Polisi, Jaksa, Ditjen Pajak, Ditjen Bea Cukui, termasuk parlemen adalah institusi negara yang memiliki fungsi pengawasan. Dalam hal ini mengawasi mengenai kamtibmas, kegiatan masyarakat di sektor keuangan, serta perilaku pemerintah. Karena itu pejabat negara yang bertanggung jawab pada institusi itu adalah orang-orang memiliki wewenang besar sekaligus tanggung jawab besar. Itu sebabnya sistem rekruitmen pada institusi tersebut haruslah memiliki tahapan-tahapan yang terpola dan berstandar baku.

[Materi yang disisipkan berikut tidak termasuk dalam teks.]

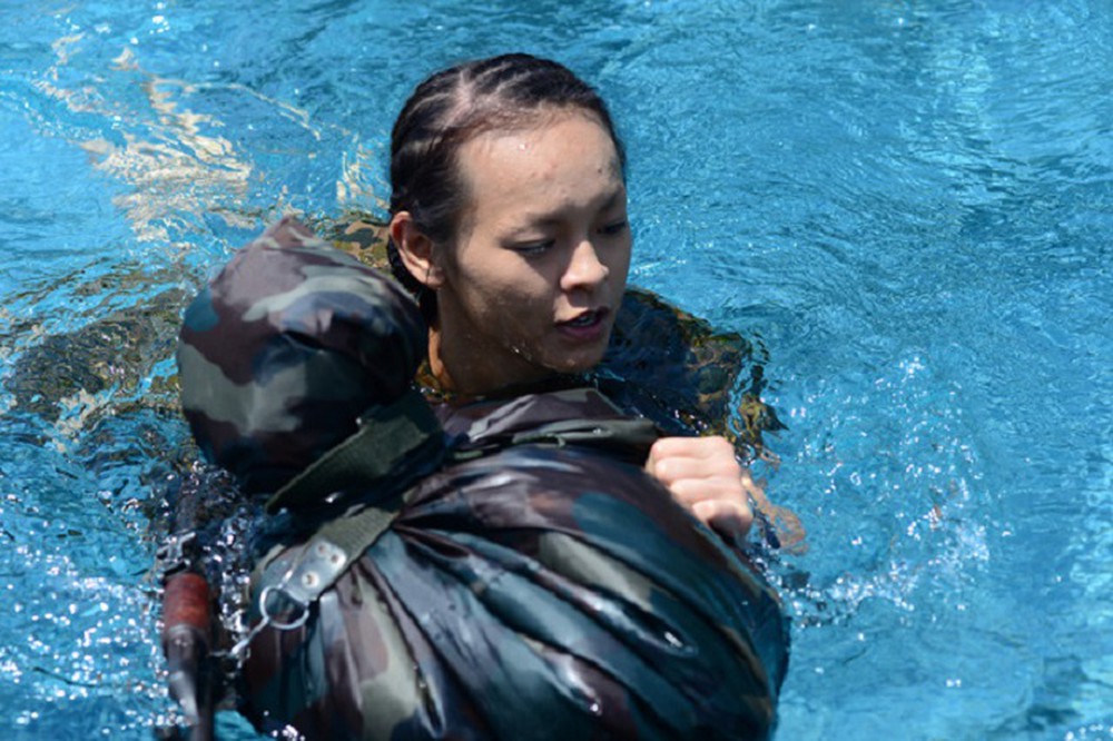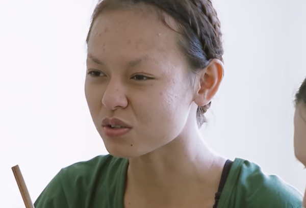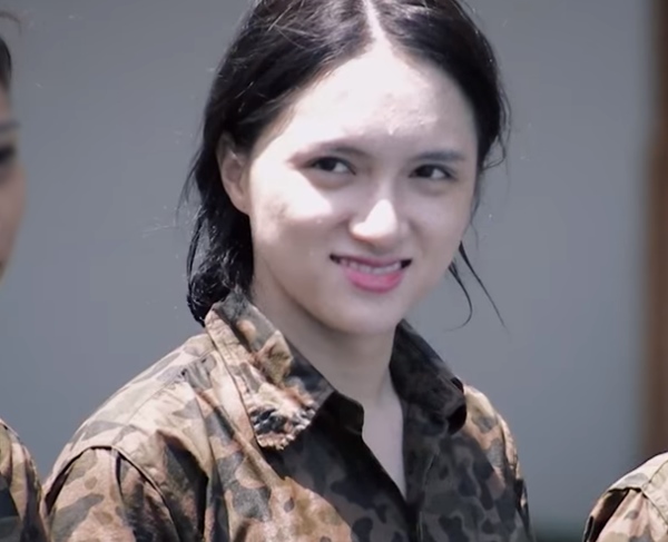 Khả Ngân lộ rõ nếp nhăn cánh mũi và hai bên khỏe miệng khi để mặt mộc ghi hình show thực tế về cuộc sống quân ngũ.
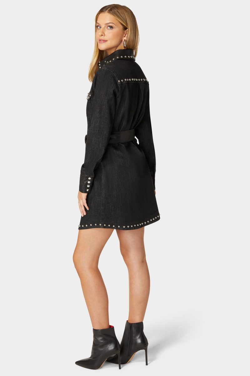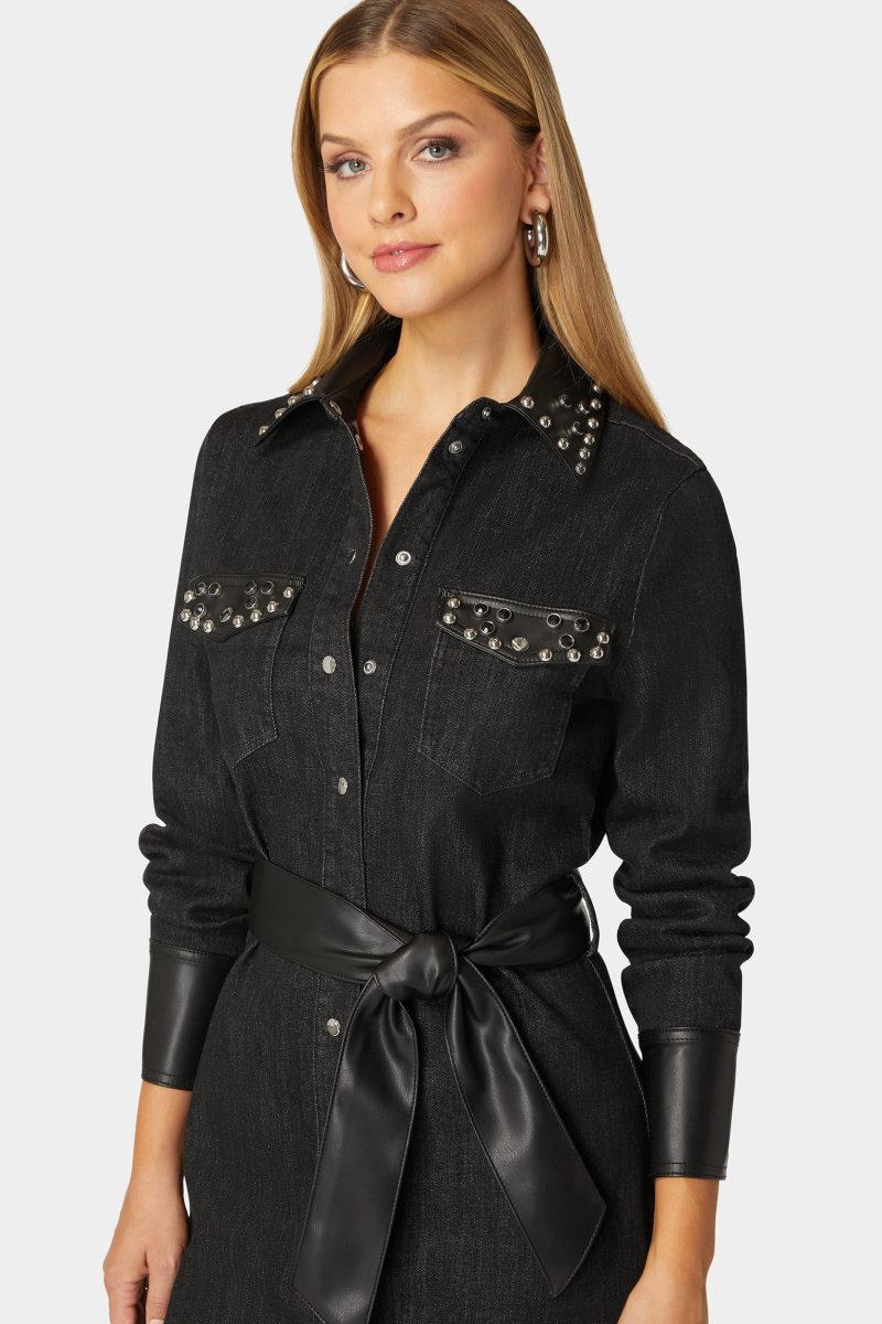 Command attention in this fitted shirt dress that marries studded detailing with vegan leather and denim. A versatile piece for taking center stage at casual-chic gatherings or modern art unveilings.

Namun, dalam nuansa dinamika kehidupan yang semakin mengedepankan tampilan materi seperti saat ini, tentu saja ada pengaruh psikologi terhadap para pejabat pengawas itu. Terbongkarnya berbagai bentuk mafia hukum akhir-akhir ini membuktikan perihal itu. Demi materi semata untuk membiayai perilaku hedonistik, banyak pejabat pengawas yang kemudian berganti profesi menjadi menjadi pelacur. Ya, pelacur yang menjual kewenangan, jabatan sekaligus kehormatannya kepada siapa saja yang bersedia membelinya.

Maka, agar tidak beralih profesi menjadi pelacur, para pejabat pengawas itu pun harus diawasi. Quis custodiet ipsos custodes? Siapakah yang mengawasi pengawas? Tentu saja pemilik kedaulalatan, yakni rakyat! Sebab jika dirunut dari awalnya, para pejabat pengawas itu memangku jabatannya memang mendapatkan mandat dari rakyat. Jabatan itu diperolehnya berdasarkan kontrak sosial melalui penyelenggaraan pemilihan umum, baik pilpres maupun pileg.

Itulah sebabnya, guru besar sosiologi hukum Indonesia Prof. Satjipto Rahardjo mengatakan, anarkhisme massa merupakan akibat langsung dari ketidakmampuan perangkat negara –termasuk perangkat hukum– melaksanakan mandat rakyat. Ketika banyak terjadi pelaku kejahatan dibebaskan atau dibiarkan begitu saja, maka kemudian rakyat mengambil alih mandatnya itu kembali. Saat itulah rakyat bertindak selaku polisi, jaksa, sekaligus hakimnya. Terjadilah eigen richting, tindakan main hakim sendiri!

Ketidaksadaran
Saat ini rakyat semakin sadar akan hak-haknya sebagai warga negara. Runtuhnya Orde Baru merupakan contoh konkrit dari akibat rasa kekesalan sosial yang sudah berada pada level puncak. Mandat rakyat itu pun ditarik kembali secara paksa! Saat itu tampaknya rakyat berani bertaruh apa saja untuk merebut mandatnya itu. Jangankan harta benda, kematian pun mereka siap menjemputnya. Organ negara di bidang keamanan, seperti tentara dan polisi, di mata rakyat adalah warga negara juga. Artinya, mereka tidak perlu ditakuti, tapi perlu disadarkan dari ketidaksadaran struktural bahwa mereka berasal dari rakyat dan bekerja untuk rakyat.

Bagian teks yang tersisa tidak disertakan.